Article by Brian Trust , Rick Hyman , Jeffrey G. Tougas , Amit K. Trehan and Barbara Yan

Originally published December 15, 2008

Keywords: Delaware, bankruptcy court, DIP lender, fee letters, under seal, Bankruptcy Code, Tribune Company,

Certain fee letters associated with a postpetition financing can be submitted under seal under Section 107(b) of Title 11 of the United States Code (the "Bankruptcy Code") according to the United States Bankruptcy Court for the District of Delaware, which noted that the information in such fee letters constituted "confidential . . . commercial information."

On December 8, 2008, Tribune Company and certain of its affiliates (collectively, "Tribune") filed voluntary petitions for relief under the Bankruptcy Code. As part of its first day motions, Tribune filed a joint motion with its proposed debtor-in-possession (DIP) lender to file under seal certain fee letters associated with the DIP lender-led postpetition financing.
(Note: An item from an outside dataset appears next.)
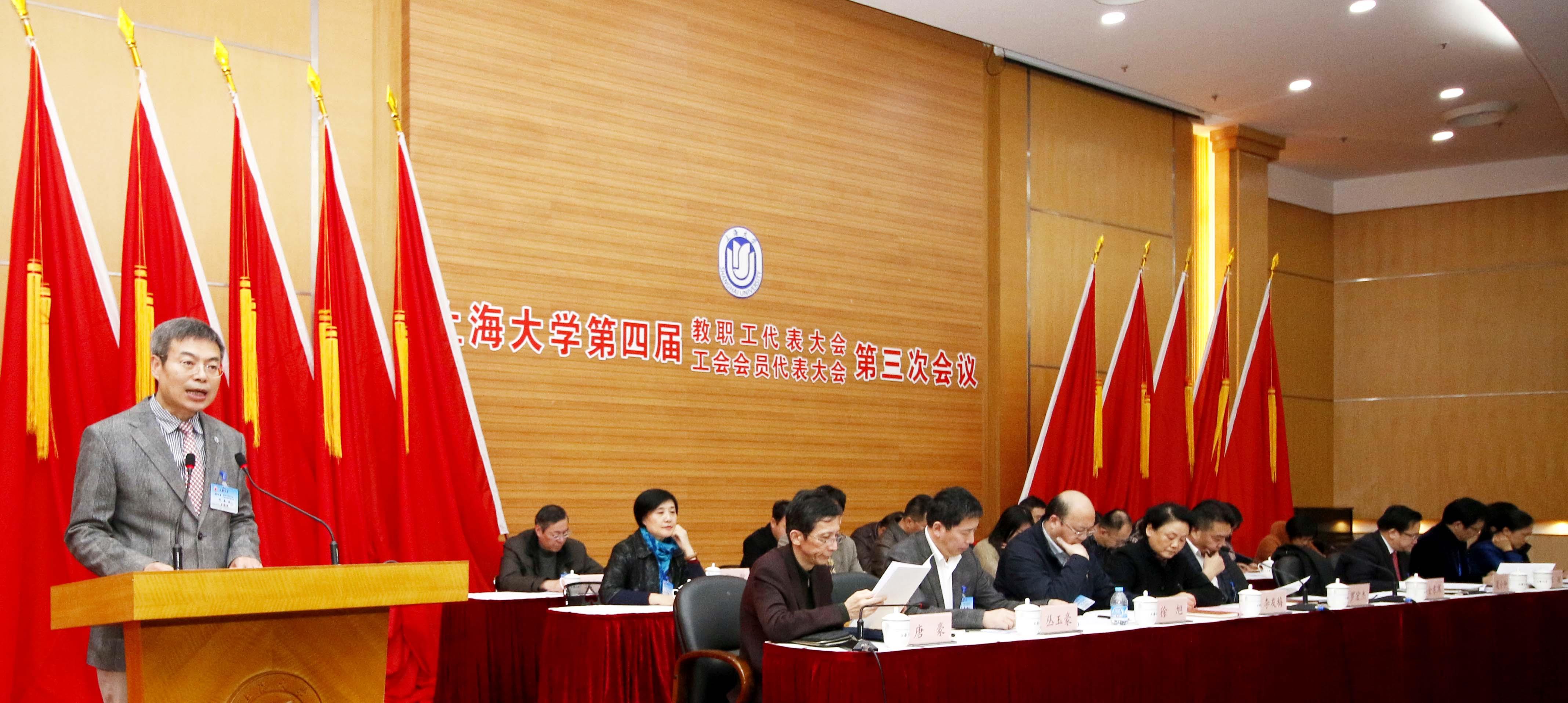 校党委副书记、纪委书记、校工会主席夏小和同志作了《2015年度工会工作报告》。他指出,2015年,我校各级工会组织紧密围绕、主动对接学校中心工作,服务发展大局,从提高学校凝聚力、教职工归属感的高度做好工会工作,以用心打造教职工信赖的“家”为主线,以年度关键绩效指标为责任目标, 努力引导广大教职工将学校的事业发展同个人的全面发展紧密结合起来。常规工作扎实推进,创新工作不断探索,为把我校建成一流大学发挥了更大的作用。他表示,2016年,校工会将继续围绕学校中心工作和发展大局,在校党委的领导下,以增强校院两级工会组织的政治性、先进性、群众性为主线,从巩固党执政的阶级基础和群众基础的政治高度,更好地践行群众路线,开展提升教职工素质系列活动和服务教职工工作、生活需求等系列活动,发挥好工会组织桥梁、纽带、支柱作用,构建学校党政与教职工群众的“命运共同体”。

Mayer Brown, representing the DIP lender, argued that the public disclosure of such confidential and proprietary information had the potential to harm the lender's business, impair its ability to syndicate such facilities in the future, and cause it to consider exiting this specialized marketplace. Upon an evidentiary hearing involving a proffer of testimony and cross-examination of a witness from the DIP lender, the Honorable Judge Kevin J. Carey approved the joint motion to seal certain fee letters associated with the financing. Given the highly complex nature of the transaction, and the fact that the calculation of fees for the postpetition financing involved a proprietary methodology developed by the DIP lender, the court ruled that the debtors and the DIP lender satisfied the "confidential commercial information" requirement of Section 107(b) of the Bankruptcy Code.
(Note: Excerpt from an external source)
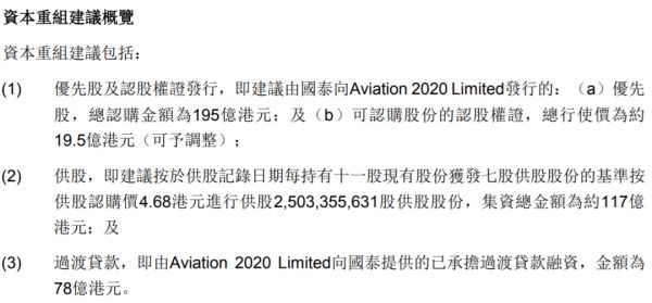 根据公告,国泰航空的资本重组计划包括:发行优先股、认股权证、供股及过渡贷款融资,融资对象主要为Aviation 2020 Limited,后者将向国泰航空认购195亿港元的优先股、19.5亿港元的认股权证;以及为国泰提供过78亿港元的过渡贷款。此外,国泰航空还将向现有股东配发117亿港元的供股股份,第一大股东太古股份届时将认购53亿港元。

The ruling is instructional for lenders who seek to provide postpetition financing to debtors but do not want to disclose the fees associated therewith. The fees associated with postpetition financing are often negotiated extensively and involve the knowledge of a team of restructuring, finance, capital markets, and legal experts. The court's ruling is likely to encourage more lenders to consider providing debtors with bankruptcy financing, which is in increasing demand given current, and projected, economic conditions.